Purchase your Romertopf Clay Cookware: BigBargainMatrix.com


Oat Meal Bread, originally uploaded by Chef Madd Maxx.

Sunday, February 15, 2009

French Bread

Ingredients:
1 Package Active Dry Yeast or 1 cake compressed yeast Water*
1 Cup Boiling Water
1 Tablespoon Shortening
2 Teaspoons Salt
1 Tablespoon Sugar
6 Cups Sifted Bread Flour
1 Egg White

Directions:
*Use very warm water (105F to 115F) for dry yeast; use lukewarm (80F to 90F) for compressed yeast. Sprinkle dry yeast or crumble cake into 1/4 cup water. Let stand for a few minutes; then stir until dissolved.

Pour boiling water over shortening, salt, and sugar in large mixing bowl. Add 3/4 cup cold water and cool to lukewarm.

Add yeast and gradually beat in enough flour to form a stuff dough.

Turn out on floured pastry cloth or board and knead until smooth and satiny.

Put in greased bowl, cover and let rise until doubled, about 2 hours.

Shape into 2 oblong loaves about 12 inches long. Place on parchment paper.

Brush with beaten eg white and with knife, make 3 slashes across top.

Let rise until doubled, about 1 hour.

Place in a pre-soaked greased Romertopf French/Italian Bread Baker along with the parchment paper. Bake in a cold oven 425F for 30 minutes. Reduce heat to 350F, bake for 20 minutes more.

Makes 2 loaves.

Purchase your Romertopf Clay Cookware: BigBargainMatrix.com



French Bread, originally uploaded by Chef Madd Maxx.

Buttermilk Bread

Ingredients:
5 1/2 Cups Bread Flour (5 1/2 to 6 cups)
3 Tablespoons Sugar
2 Packages Fleischmann's Rapid Rise Yeast
2 Teaspoons Salt
1/4 Teaspoons Baking Soda
2 Cups Buttermilk
1/3 Cup Butter, cut-up


Directions:
If you are using a Romertopf Clay Bread Baker, (recommended) soak the lid and base in cold water.

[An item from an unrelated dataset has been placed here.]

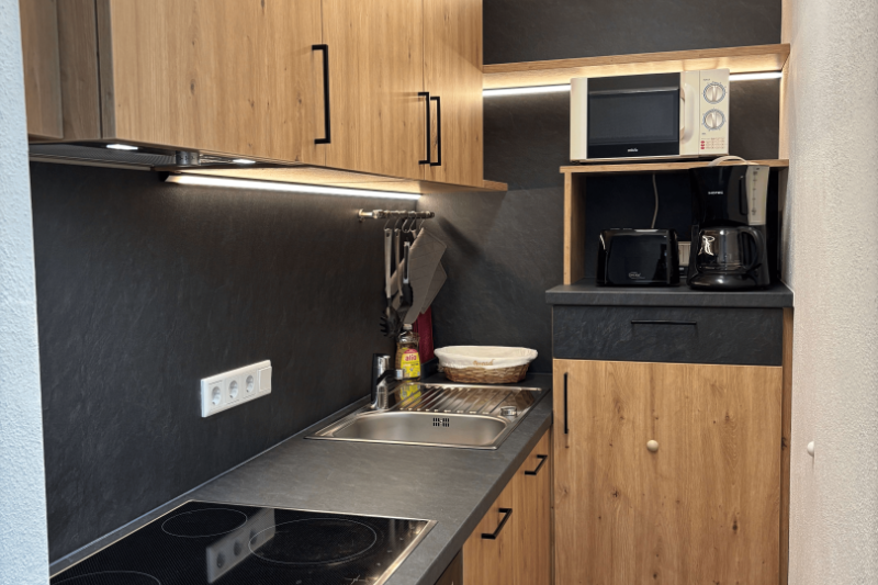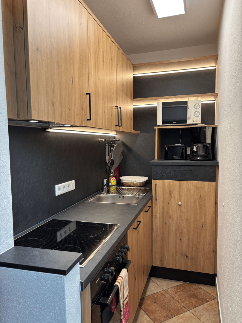 - Küchenzeile, komplett ausgestattet mit 4-Platten Cerankochfeld inkl. Backofen, Mikrowelle, Kühlschrank mit Gefrierfach, Wasserkocher und Kaffeemaschine
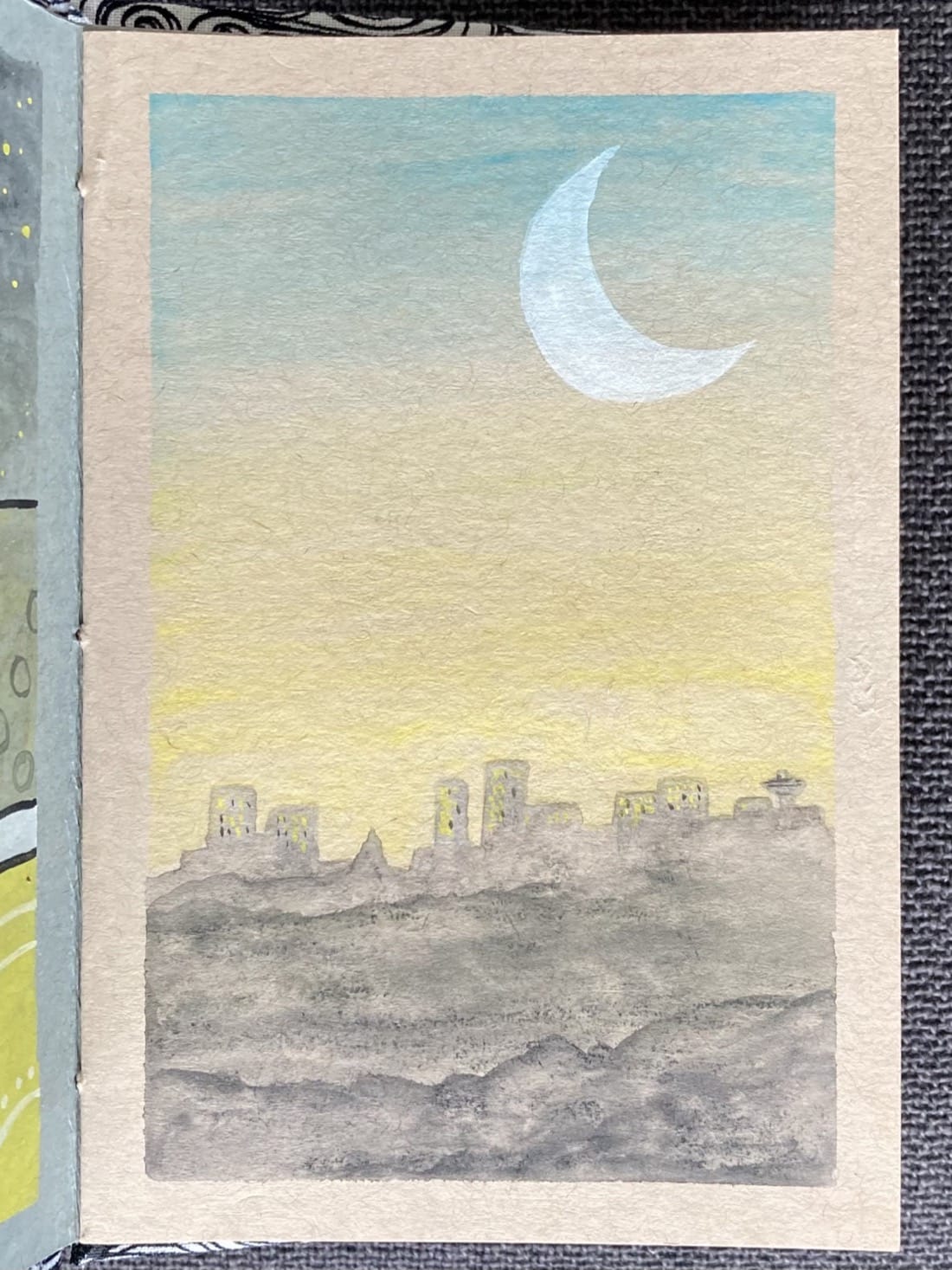 A painting made with Neocolor II water-soluble pastels. Under a large white crescent moon sits the silhouette of a distant city beyond forested hills. Some of the windows in the skyscrapers are lit up. The sky is yellow near the horizon, turning blue near the top of the painting.

In large bowl, combine 3 cups flour, sugar, undissolved yeast, salt and baking soda.


Heat buttermilk, and butter until very warm (approx 120 to 130F). Stir into dry ingredients.


Stir in enough remaining flour to make soft dough.


Knead on lightly floured surface until smooth and elastic, about 7 to 9 minutes.


Cover and let rise for approx 2 hours, or until double in size.

Punch down dough, shape into round ball. Place round dough onto parchment paper and allow to rise until double, approx 1 hour.

Transfer dough with parchment paper to a greased Romertopf Baker. Cover baker and place in cold oven. Set oven at 450F. Cook for 40 minutes. Uncover clay pot and cook for another 5 to 10 minutes.

Cool on wire rack.

Purchase your Romertopf Clay Cookware and Recipe Book here: BigBargainMatrix.com



Buttermilk Bread
Originally uploaded by Chef Madd Maxx

Thursday, November 29, 2007

Beef in Red Wine Sauce

Ingredients
3 medium onions, sliced
4 medium carrots, peeled, sliced, 1/4 inch thick
1 cup ham julienned
3 pounds beef, cut in 1 inch cubes
3 cloves garlic, minced
1 teaspoon thyme, dried
1/2 teaspoon rosemary leaves, crumbled
1/2 teaspoon marjoram
1 bay leaf
1 tablespoon salt
1/4 cup brandy
1 1/2 red wine
1 can tomatoes, with liquid, chopped

Directions
Combine all ingrediants except tomatoes in large bow. Refrigerate covered 2-3 hours.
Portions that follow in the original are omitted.